Integram o grupo os senadores Alessandro Vieira (MDB-SE), Damares Alves (Republicanos-DF), Eduardo Braga (MDB-AM), Esperidião Amin (PP-SC), Fernando Farias (MDB-AL), Leila Barros (PDT-DF) e Randolfe Rodrigues (PT-AP). A força-tarefa poderá convocar autoridades, colher informações oficiais e sugerir mudanças na legislação.

Críticas ao TCU e ao STF

Nas redes sociais, Renan Calheiros criticou a atuação do TCU no episódio. O ministro Jhonatan de Jesus, relator do processo na Corte de contas, havia determinado inspeção nos documentos da liquidação extrajudicial do Master, alegando possível precipitação do BC ao decretar a medida. O Banco Central recorreu, defendendo que a decisão deveria ser colegiada. Diante da reação e de pressões do mercado, o relator suspendeu a inspeção.

“O TCU é um braço do Legislativo para proteger os interesses do País, não para encobrir malfeitos”, afirmou o senador.

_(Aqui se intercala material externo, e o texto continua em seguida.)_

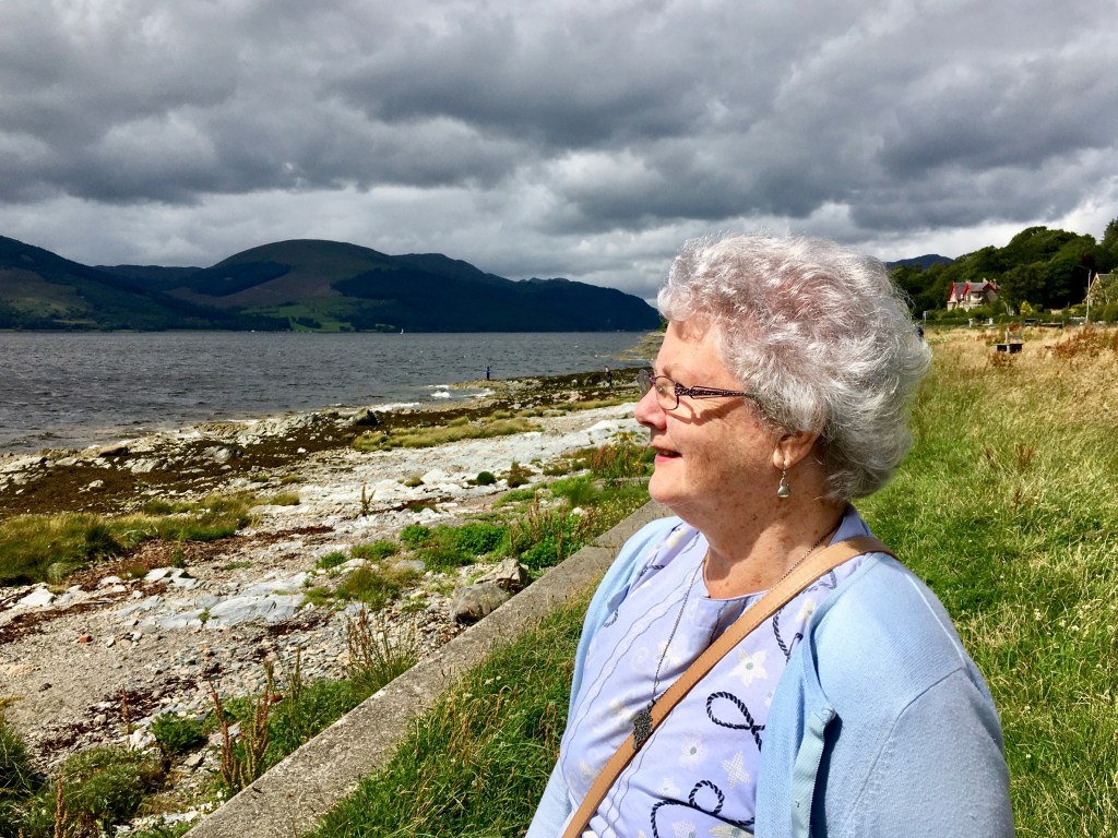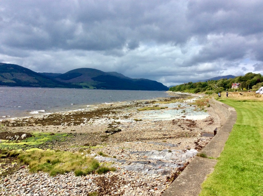 So this past weekend we celebrated with a couple of special day trips, to some of our old haunts on the Clyde Coast. Our first trip was on Saturday, when we visited Cove, a little village on the edge of Loch Long, just where it reaches the Clyde estuary. We drove from Glasgow, crossed the river Clyde at the Erskine bridge, and down through Dumbarton and Helensburgh to Gareloch (home to the UK’s nuclear submarine base). Then we turned along the southside of Gareloch and over the hill to Cove. About and hour and fifteen minutes from Glasgow depending on road conditions. It was a warm day with a fresh breeze and intermittent showers. You never tire of the beauty of the Scottish scenery and when we reached Cove the place was, …. quiet! We came home via Glen Fruin and Loch Lomond.

Calheiros também contestou o sigilo imposto pelo ministro Dias Toffoli, do Supremo Tribunal Federal (STF), que em dezembro retirou da CPMI do INSS e transferiu para a Presidência do Senado os dados obtidos após quebra de sigilos do empresário Daniel Vorcaro, controlador do Master. “Ele tem que tornar as coisas públicas. É a primeira vez em 200 anos que um ministro do STF transfere o sigilo de uma fraude para o presidente do Senado”, declarou.

Origem da investigação

A Polícia Federal deflagrou em novembro a Operação Compliance Zero, que apura a tentativa de compra do Banco Master pelo BRB. No mesmo mês, o Banco Central decretou a liquidação extrajudicial da instituição. A segunda fase da operação, realizada em 14 de janeiro, mirou familiares de Vorcaro.

Com o novo grupo de trabalho, senadores pretendem acompanhar de perto todos os desdobramentos do caso e avaliar possíveis mudanças legais para prevenir fraudes semelhantes.